For the entries below, the expected answer is the line with "高清的游戏画面,丰富的游戏剧", the line with "На корпусах 12-метровых", and every line between them, exactly as written, and nothing more.

*** Block opens ***

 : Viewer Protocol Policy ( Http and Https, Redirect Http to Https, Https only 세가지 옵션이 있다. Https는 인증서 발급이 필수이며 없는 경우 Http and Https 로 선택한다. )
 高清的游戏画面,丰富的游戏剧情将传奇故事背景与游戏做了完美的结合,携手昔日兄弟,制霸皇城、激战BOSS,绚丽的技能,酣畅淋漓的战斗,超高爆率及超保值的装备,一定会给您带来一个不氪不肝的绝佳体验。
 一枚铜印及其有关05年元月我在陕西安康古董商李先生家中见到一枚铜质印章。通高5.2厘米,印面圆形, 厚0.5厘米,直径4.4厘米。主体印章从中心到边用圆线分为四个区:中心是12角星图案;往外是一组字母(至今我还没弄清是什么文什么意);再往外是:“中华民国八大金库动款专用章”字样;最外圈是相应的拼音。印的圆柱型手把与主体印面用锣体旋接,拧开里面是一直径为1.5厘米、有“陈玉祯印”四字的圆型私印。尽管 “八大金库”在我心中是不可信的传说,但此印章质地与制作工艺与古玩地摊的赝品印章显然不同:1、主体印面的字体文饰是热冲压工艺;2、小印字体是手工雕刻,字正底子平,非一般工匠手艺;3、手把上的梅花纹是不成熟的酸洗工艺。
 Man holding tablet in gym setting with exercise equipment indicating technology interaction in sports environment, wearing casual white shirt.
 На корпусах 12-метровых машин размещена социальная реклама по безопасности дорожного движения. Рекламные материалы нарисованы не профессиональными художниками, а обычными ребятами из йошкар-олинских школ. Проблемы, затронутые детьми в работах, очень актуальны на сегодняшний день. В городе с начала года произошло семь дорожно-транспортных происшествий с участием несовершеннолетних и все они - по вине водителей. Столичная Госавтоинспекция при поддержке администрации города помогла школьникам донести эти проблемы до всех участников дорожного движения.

*** Block closes ***
*** Block opens ***

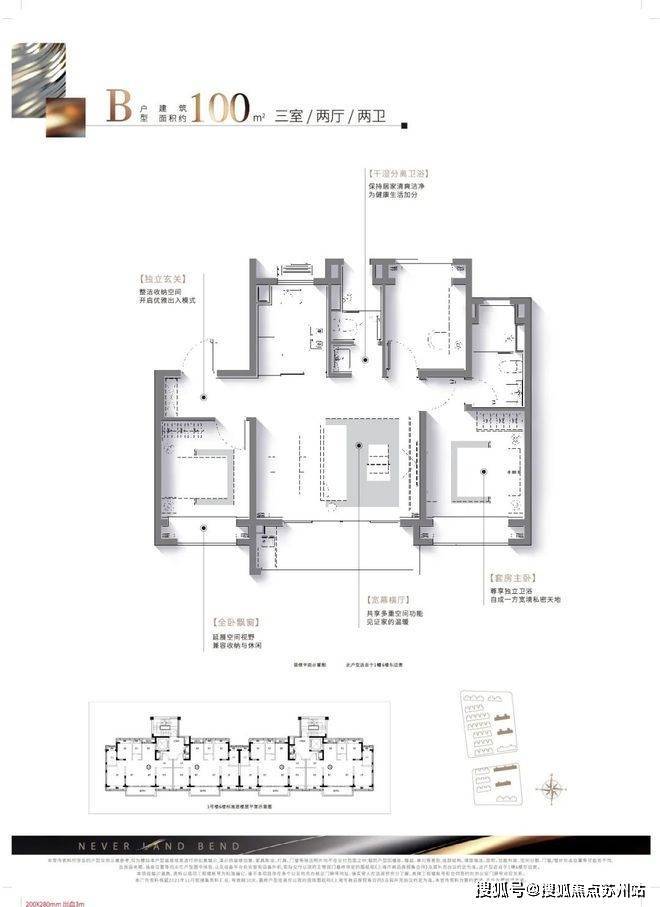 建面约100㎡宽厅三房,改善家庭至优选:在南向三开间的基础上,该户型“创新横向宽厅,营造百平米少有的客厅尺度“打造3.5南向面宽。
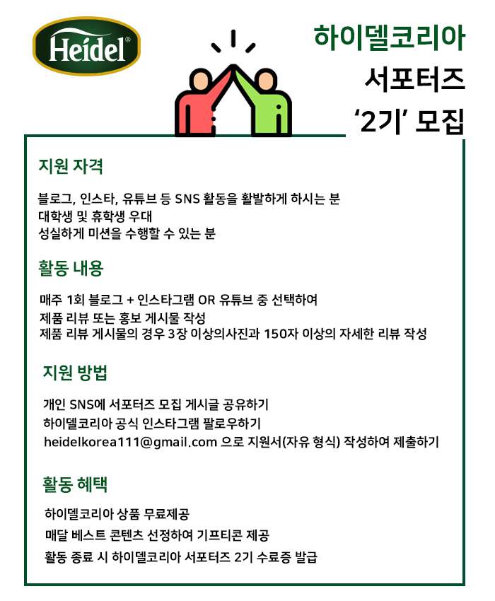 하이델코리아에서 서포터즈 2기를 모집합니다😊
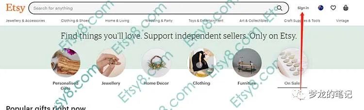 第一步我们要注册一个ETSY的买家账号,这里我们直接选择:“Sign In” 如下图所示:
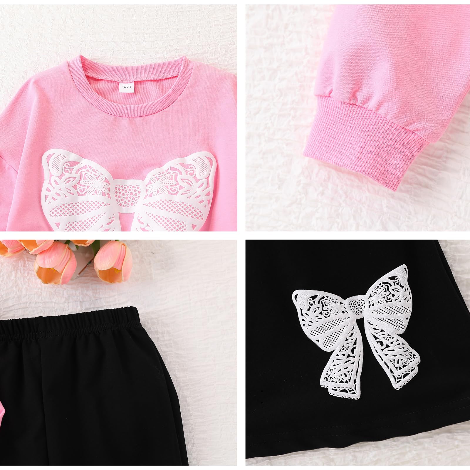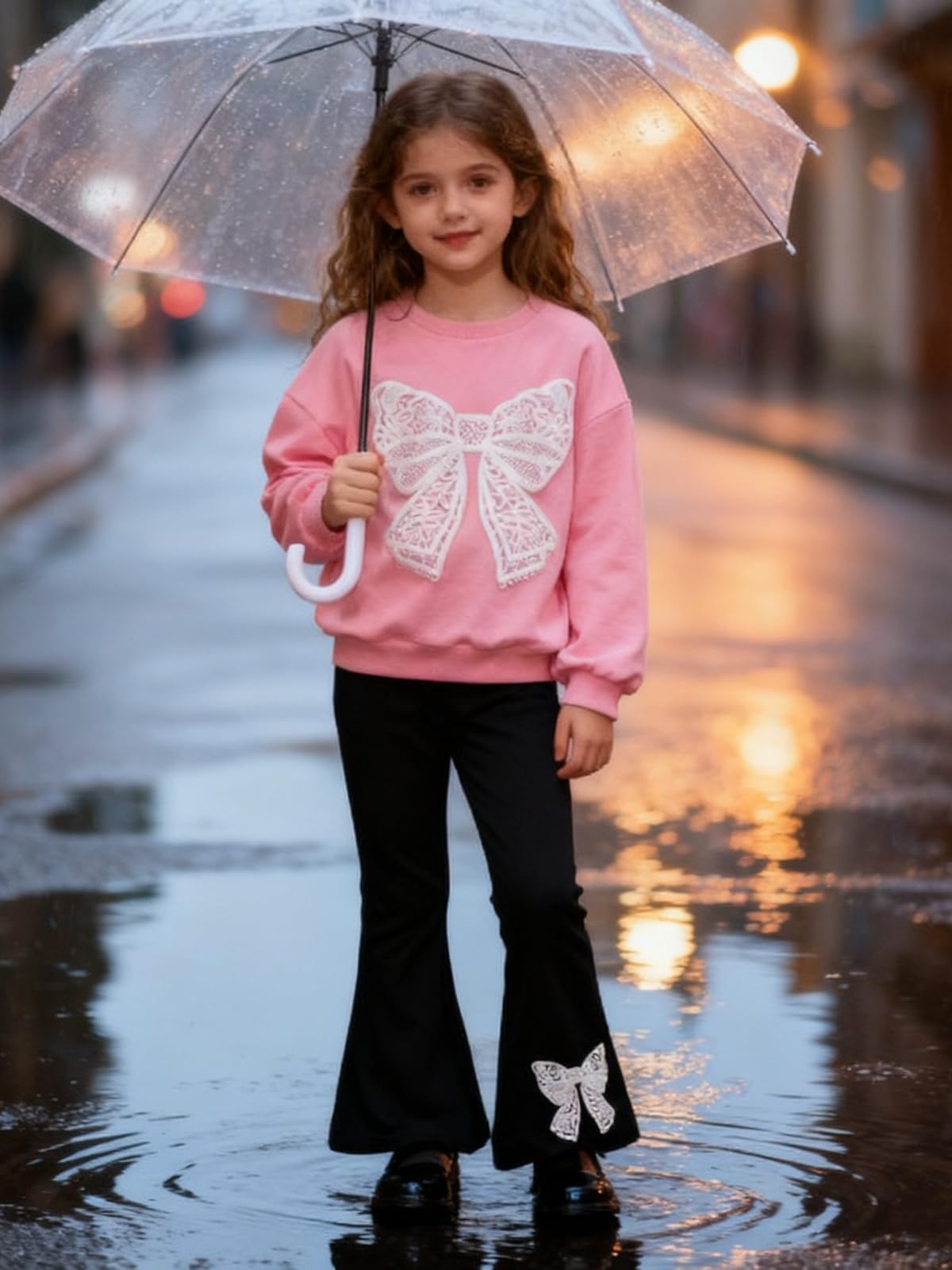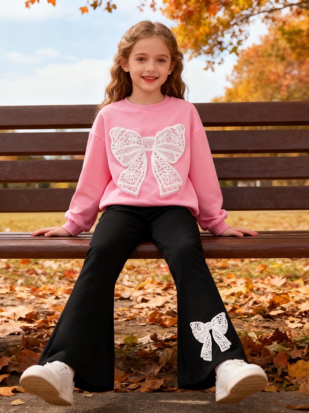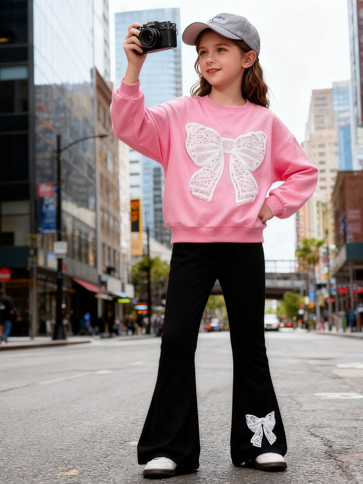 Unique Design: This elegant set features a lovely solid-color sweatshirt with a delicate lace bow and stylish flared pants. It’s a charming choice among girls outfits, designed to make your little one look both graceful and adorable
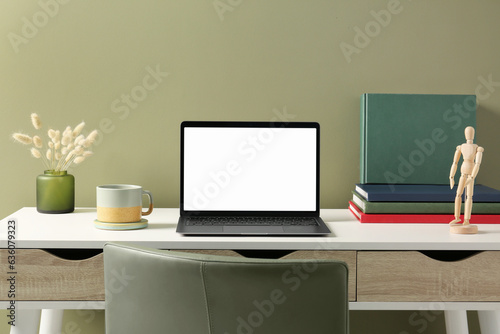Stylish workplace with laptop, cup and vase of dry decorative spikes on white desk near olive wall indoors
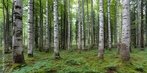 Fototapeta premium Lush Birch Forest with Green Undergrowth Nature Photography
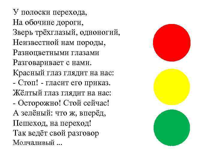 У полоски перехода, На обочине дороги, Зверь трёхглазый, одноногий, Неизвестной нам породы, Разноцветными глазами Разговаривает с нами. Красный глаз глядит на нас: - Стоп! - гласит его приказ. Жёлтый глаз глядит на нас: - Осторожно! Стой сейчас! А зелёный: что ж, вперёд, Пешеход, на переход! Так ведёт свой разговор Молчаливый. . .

*** Block closes ***

Answer box:
 高清的游戏画面,丰富的游戏剧情将传奇故事背景与游戏做了完美的结合,携手昔日兄弟,制霸皇城、激战BOSS,绚丽的技能,酣畅淋漓的战斗,超高爆率及超保值的装备,一定会给您带来一个不氪不肝的绝佳体验。
 一枚铜印及其有关05年元月我在陕西安康古董商李先生家中见到一枚铜质印章。通高5.2厘米,印面圆形, 厚0.5厘米,直径4.4厘米。主体印章从中心到边用圆线分为四个区:中心是12角星图案;往外是一组字母(至今我还没弄清是什么文什么意);再往外是:“中华民国八大金库动款专用章”字样;最外圈是相应的拼音。印的圆柱型手把与主体印面用锣体旋接,拧开里面是一直径为1.5厘米、有“陈玉祯印”四字的圆型私印。尽管 “八大金库”在我心中是不可信的传说,但此印章质地与制作工艺与古玩地摊的赝品印章显然不同:1、主体印面的字体文饰是热冲压工艺;2、小印字体是手工雕刻,字正底子平,非一般工匠手艺;3、手把上的梅花纹是不成熟的酸洗工艺。
 Man holding tablet in gym setting with exercise equipment indicating technology interaction in sports environment, wearing casual white shirt.
 На корпусах 12-метровых машин размещена социальная реклама по безопасности дорожного движения. Рекламные материалы нарисованы не профессиональными художниками, а обычными ребятами из йошкар-олинских школ. Проблемы, затронутые детьми в работах, очень актуальны на сегодняшний день. В городе с начала года произошло семь дорожно-транспортных происшествий с участием несовершеннолетних и все они - по вине водителей. Столичная Госавтоинспекция при поддержке администрации города помогла школьникам донести эти проблемы до всех участников дорожного движения.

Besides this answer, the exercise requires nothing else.